In my opinion, I believe ColdFusion is the best.
It provides lots inbuilt tags, functions, methods etc which makes life very easy for a developer. It does not take to much time either to learn to use CF.

I have done a number of sites and applications all developed in ColdFusion with great ease and satisfaction.

DENZIL DENZIL
 
All the languages have their strengths and weaknesses, I've come to realize it all depends on your situation. Things to think about are company budgets, development time, maintainability, scalability, etc.

For example, I was at a previous company where they had me built a ColdFusion Intranet. The problem I thought was, I was the only one who knew ColdFusion, and the company had 10 Java developers who have knew JSP very well. After I left the company, the Intranet went away, because nobody knew how to maintain it. It was a poor choice maintenance wise.

I could give other examples, but the bottom line is what best fits your situation. Some programming languages take longer to learn than others, some cost more money for training, learning, developing or for the software itself. Look at what platform your company is primarily running. If you're primarily running IIS, then a linux based language might not be the best choice. Some languages are faster to to develop applications than others. You also want to look at how scalable you want to make the application, for instance will this application eventually need to work with a store register application or a budgeting software.

All these are things to consider. While my preference is ColdFusion, I still will develop in other languages if it fits the situation better. - tleish
 
I am not a company owner, but I am a developer. I would have to say that Cold Fusion is great when time is of essence. However, Cold Fusion has a lot of limitations in which must developer end up coding Java Programs that are called by a Cold Fusion template. If the developer is not a Java programmer development time will in turn be higher than expected.

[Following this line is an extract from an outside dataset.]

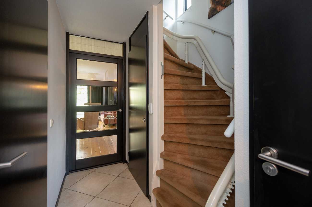 Bij aankomst parkeert u eenvoudig op eigen terrein en heeft u via de voortuin toegang tot de zijtuin en de garage/bijkeuken. Binnenkomst in de hal met toegang tot de keuken, woonkamer, het vernieuwde toilet met ingebouwd bidet functie, trapopgang en de garage waar de wasmachine-opstelling is geplaatst.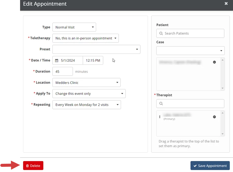You can delete an appointment if there are no associated documents and no patients have been checked-in. Teletherapy appointments can no longer be deleted once someone has joined the session.

In the other hand, JSP as sammut said is great, robust and very scaleable, but the learning curve a dev time is high. It is very portable (especially with Tomcat). Take into account that after learning the language there will not be any limitations in which another language will have to be used. I have build applications using Cold Fusion and using JSP. Even though, ColdFusion is easier to learn and to implement I prefer to build applications using JSP.
 
cfelix,

As a side note to all this my company is currently involved with beta testing CF6 (NEO) (CFMX). I agree with what you said and find NEO to address some of the limitations of CF. It is a dandy app server that really has mattured to address older CF issues (i will not bring them up here:) ).
 
Thanks for all your replies! I'm sure a lot of developers have benefited from that. I sure have!

How about speed? I've got varying reports about ASP and JSP being slow. I've developed larger applications in CF and smaller ones in JSP. I found ColdFusion to be a little slow. JSP was also slow but only for the "first run". But for large database-driven apps, is the speed and resource use significantly different between the three?

The greatest drawback for CF is that it is so expensive compared to ASP and JSP which are practically free (they are, right?)

Thanks again! :)
 
CF may be more $$ to set up...But developement time even on a small team will pay for itself in a few days usually. Don't let the initial cost fool you. It saves you in the end. try to explain that to your clients too.